Anyone paying attention to Wiz Khalifa as of late recognizes that that the usually lanky Pittsburgh-born rapper (and ex-husband to Philly's Amber Rose) has put meat on his bones. The same sort of muscle can be found, too, in the music he's made since 2014's Blacc Hollywood. There's a density to the sound and a gravity to his lyrics to be found in this, his newest mixtape/album, Rolling Papers 2, that simply didn't exist on early singles such as the fun "Black and Yellow," from 2011's first Rolling Papers.

A woozy production such as the ruminative "Ocean" finds the Wiz rhapsodizing about the ups-and-downs of the good life while stuck in a smoky-hotel room. While lyrically allowing Khalifa a shot at Raymond Chander-like noir imagery, the music is as filled with souped-up synths ala Kanye's classic 808 & Heartbreak. "Mr. Williams/Where is the Love," is a riveting rap battle and a creamy R&B duet in one thick burst of manic musical energy. The song "Rolling Papers 2" weirdly wells up with Wiz emotion as he raps, "I done seen people suffer, hate turned into love/Lost some people to get here, but they watching us from up above," through the track's hypnotic pulse and hazy production. Not every song is as dramatic or dire as those  -several of his duets, such as his boastful  Snoop Dogg pairing "Penthouse" are meh – but, this is the Wiz at a new peak and flying highest.

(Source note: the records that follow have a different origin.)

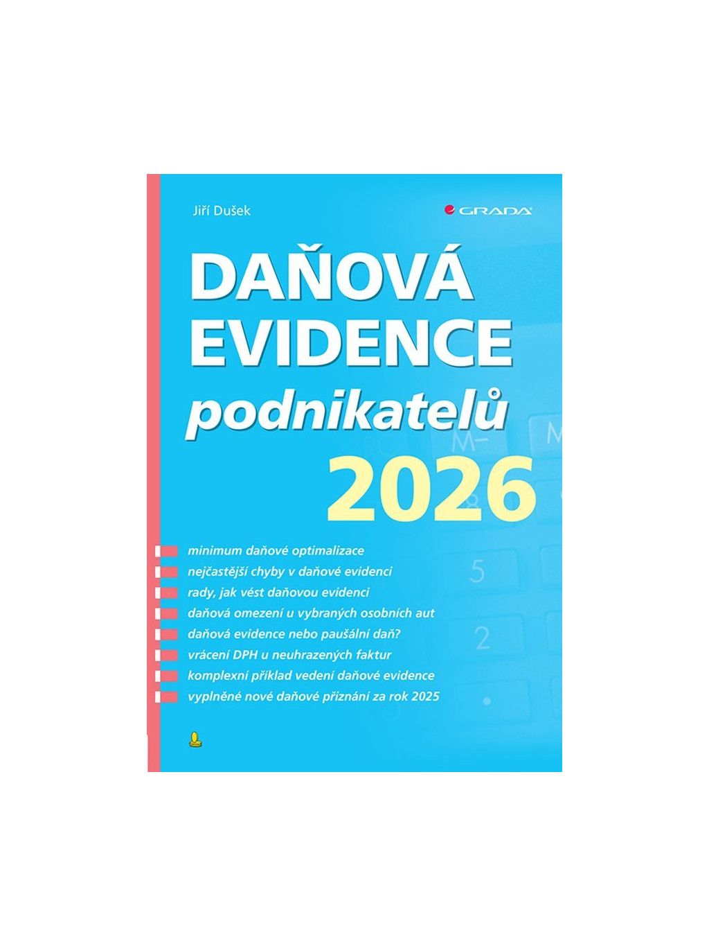 Obsahuje základní přehled nejčastějších chyb v daňové evidenci a přehled uzávěrkových operací. Je vhodná pro zaběhlé podnikatele a živnostníky, ale také pro začínající podnikatele, kteří mají značné výdaje v souvislosti s rozjezdem firmy. Po ruce tak budete mít ke každodennímu využití přehledné minimum daňové optimalizace vhodné pro každého podnikatele. Poslední kapitolou je komplexní příklad a vyplněné vzorové nové daňové přiznání fyzických osob za rok 2025. Knihu oceňují především podnikatelé, účetní a studenti.
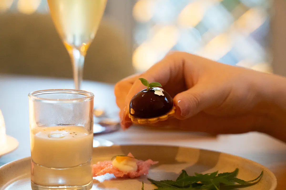 一番の魅力は、ワインやカクテル、ウイスキー、日本酒まで、幅広く取り揃えたこだわりのドリンク。料理との相性を大切に、ソムリエが提案するペアリングも好評だそう。昼下がりにはお茶とデザートで、夜にはお酒と語らいを。シーンごとに選べる一杯が、ひとときをより豊かに彩ります。
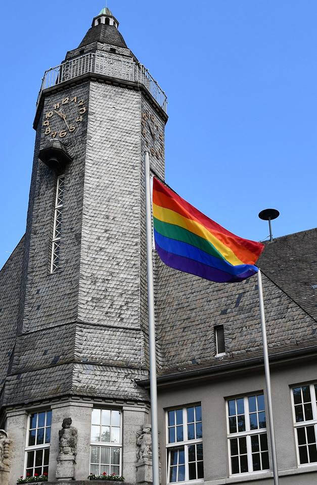 Wir feiern den Tag der Befreiung vom $ 175 StGB und deswegen hisst der Bürgermeister von Schwerte Dimitrios Axourgos heute die Pride (Regenbogenfahne) am Schwerter Rathaus.
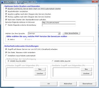 Nach dem Start installiert WOS Portable eine komplette Webserver-Umgebung in ein einziges Verzeichnis. Mit an Bord sind ein Apache-Server samt PHP und MySQL. Das so vorbereitete Verzeichnis lässt sich anschließend auf einen USB-Stick übertragen und mitnehmen.

And I don't mean from the after effects of the weed. –A.D. Amorosi

Wiz Khalifa brings his "Dazed & Blazed" tour with Rae Sremmurd to BB&T Pavilion (1 Harbour Blvd, Camden, NJ) on Friday, August 10. Ticketmaster.com

Ben Vaughn
Imitation Wood Grain and Other Folk Song's
(Many Moods Records ***)

The title signals that Imitation Wood Grain and Other Folk Song's is something a little different for Ben Vaughn. Over his long career, the California-based music maven from South Jersey has displayed an omnivorous taste for vintage rock and pop as well as roots styles, from his own albums to his production work and his instrumental soundtracks for TV's That '70s Show and Third Rock From the Sun. He's never really played the strumming troubadour, but here it's just him, his acoustic guitar, and his voice (and dig that mouth harp).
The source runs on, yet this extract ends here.